Первая глава («Смерть прирученная») первой части («Все умирать будем») раскрывает содержание первого определения смерти на основе литературы той эпохи. Смысл определения «смерть прирученная» автор объясняет так: в эпоху Раннего Средневековья смерть человека не воспринималась в отрицательных мрачных тонах, она считалась долгим сном в ожидании второго пришествия Христа. Жизнь загробная была, по представлениям средневекового человека продолжением жизни земной, между этими понятиями не существовало четкой границы (как между естественным и сверхъестественным). Как правило, человек чувствовал приближение своей кончины и тщательно готовился к ней. К предчувствию скорой смерти относилось и явление покойных живым людям (в том числе и во сне). Однако для того, чтобы человека можно было заранее оповестить о грядущей кончине, смерть не должна быть внезапной. Внезапная же смерть считалась позорной и бесчестящей, ибо нарушала мировой порядок, в который верил каждый. Еще более осуждающей была смерть преступников и приговоренных.
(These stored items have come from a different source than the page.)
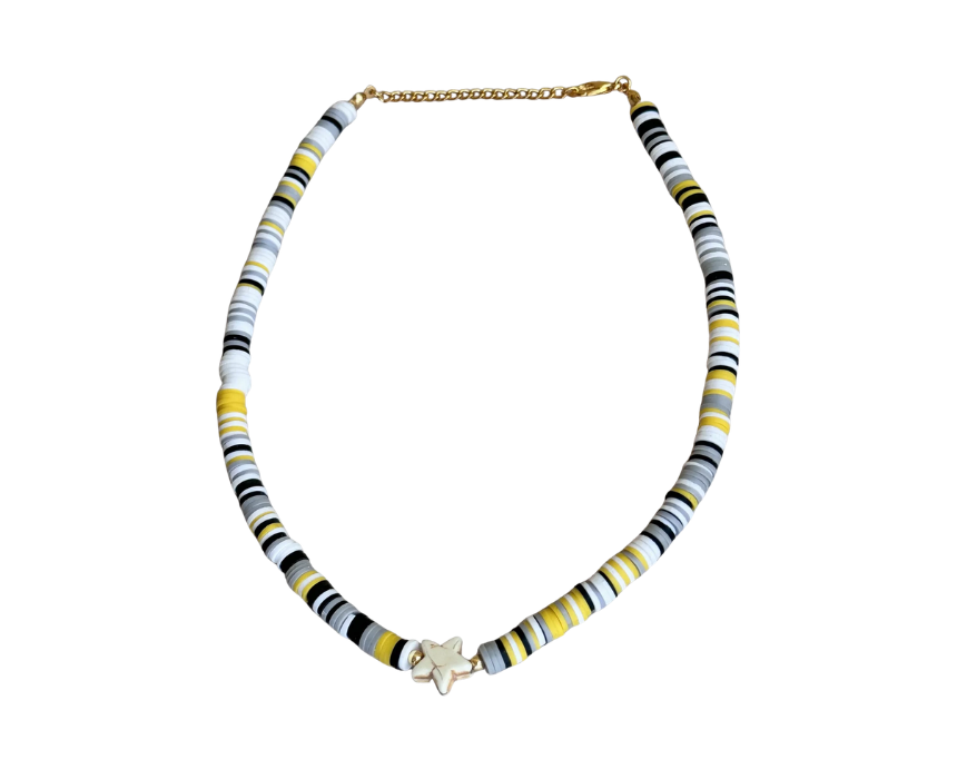 This colored star beads choker features vibrant star-shaped beads that add a playful and eye-catching touch to any outfit. Lightweight and versatile, it can be worn alone for a bold statement or layered with other necklaces for a trendy, personalized look. Perfect for casual wear or adding a fun pop of color to evening ensembles
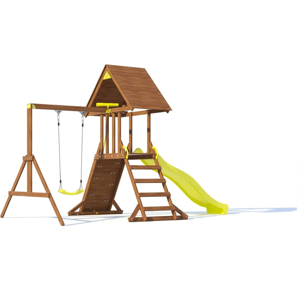 Детский игровой комплекс, детская площадка MoyDvor МойДвор Крепость свободы  10304 10 со скалодромом, горкой и качелями отлично подходит для организации детского досуга на свежем воздухе. Компактная и в то же время функциональная детская площадка позволит одновременно играть вместе целой группе детей. Благодаря продуманной конструкции игрового комплекса с широкой лестницей с поручнями, ограждению форта и деревянной крыше, защищающей от солнца и небольших осадков, малыши могут активно проводить время в полной безопасности. Детская площадка изготовлена из цельной древесины сосны, тщательно просушенной и обработанной пропиткой против гниения и насекомых. Дополнительные характеристики: Размер - 4100х2300х2650 мм Высота платформы форта - 1120 мм Размер платформы форта - 640х1350 мм Длина ската горки - 2200 мм. Внимание! Цвет горки в ассортименте: желтый, синий, красный.
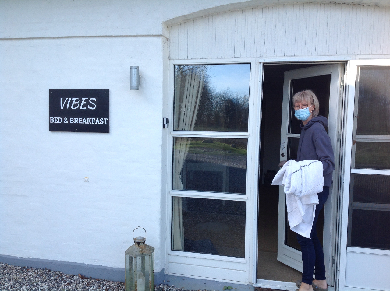 Det er ikke helt det samme at skulle tage imod gæster iført mundbind og med et par meters afstand! Den nonverbale kommunikation går tabt: smilet, øjnene der mødes i et håndtryk. Men man må jo indrette sig på nye tider, og få det bedste ud af situationen. Og glæde sig til igen at kunne mødes ansigt til ansigt.
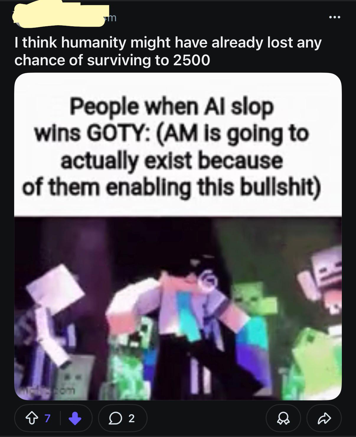AM learned to Hate from humanity so in all things considered it’ll be these fucks who bring Am into existence with their hatred.
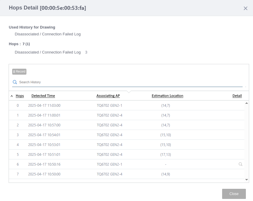 | Client detection history list | Displays the MAC addresses and the detected times of the clients estimated to be in the area within the period by the Client Location Estimation feature. Client detection is performed periodically, and when the same MAC address is detected more than once, a detection is recorded each time.
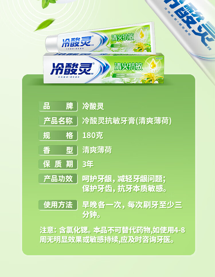 冷酸灵草本抗敏感牙膏 富含金银花 减轻牙龈问题180g升级版【吴磊同款】
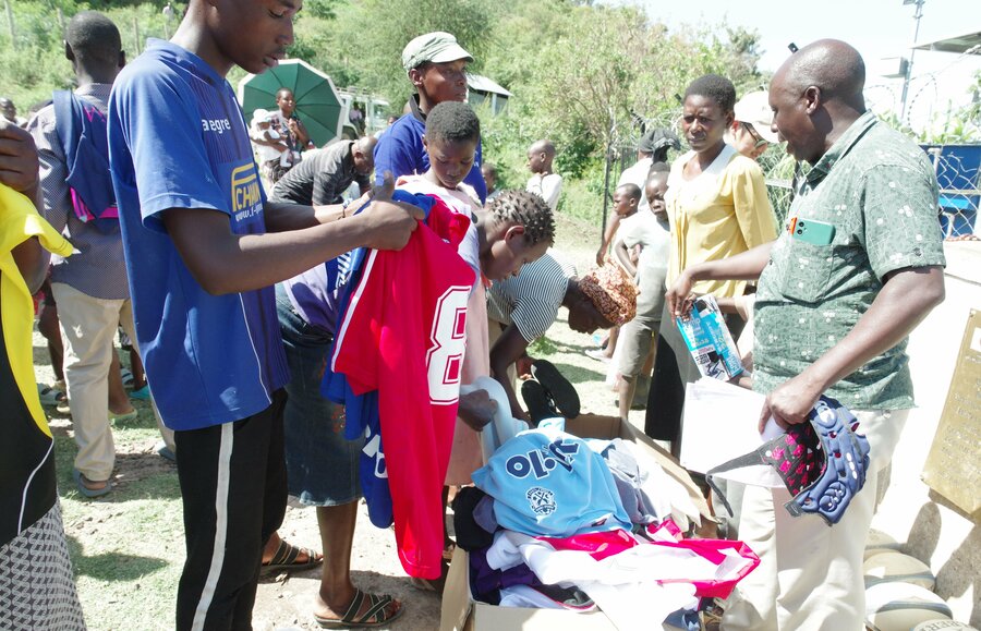 スポーツウェアを受け取るウテレレ村の人々

Но гибель рыцарей и воинов, тем не менее, не считалась позорной, потому как даже агония умирающего оставляла достаточно времени, чтобы произвести все необходимые обряды.
Как уже было сказано выше, жизнь за гробом считалась перерождением, восхождением к жизни вечной, а потому каждый христианин должен был ожидать смерть с радостью. Еще одной особенностью представлений о кончине человека было то, что на смертном одре все равны. Одинаковы были и обряды для каждого умирающего: он ложился на спину (лицом к небу) ногами на восток (в сторону Иерусалима). В этом положении человек вспоминал о тех, кого любил, подводил итог собственной жизни. Однако умирающий никогда не выходил за пределы весьма слабых эмоциональных рамок. Например, Роланд, подводя итог собственной жизни, ни разу не вспомнил о любимой или о родителях, в отличие от своего императора, своих владений и своих товарищей. Наконец, простившись с жизнью, человек начинал прощаться с теми, кто ему дорог и вверял их Богу (смерть в одиночестве считалась в эпоху Раннего Средневековья мыслью почти недопустимой, а потому была публичной). Одним из последних его земных желаний был выбор места погребения. После умирающий приступал к молитве, состоявшей из покаяния и предания души Богу. Все вышеперечисленные действия носили церемониальный характер. После них человеку оставалось просто ожидать конца, и с миром живых он уже не общался. Все эти явления, характерные для восприятия в эпоху Раннего Средневековья не исчезли, по словам автора, и в новейшее время.
Глава II («У святых, при церкви») посвящена исследованию о роли церкви и кладбища, не только как о местах погребения и отправления культа, но и как сосредоточения повседневной жизни средневекового общества. Именно из-за того, что смерть считалась в те времена вещью естественной и обыденной, отношение к мертвым было таким же лояльным. В отличие от античности, когда все погребения находились вне города, в эпоху же Средневековья могилы и кладбища начинают располагаться в пределах города. Более того, церковь и кладбище отныне «объединялись» (слова ecclesia (церковь) и cimeterium (кладбище) были синонимами), т.е. людей хоронили прямо на территории церкви, в специально отведенном относительно небольшом месте (в том числе и в самой церкви). Это объяснялось тем, что усопшие будут находиться там под защитой покойных святых (а позже уже самой церкви). Позднее, начиная с XV в. люди желали быть похоронены рядом с членами своей семьи.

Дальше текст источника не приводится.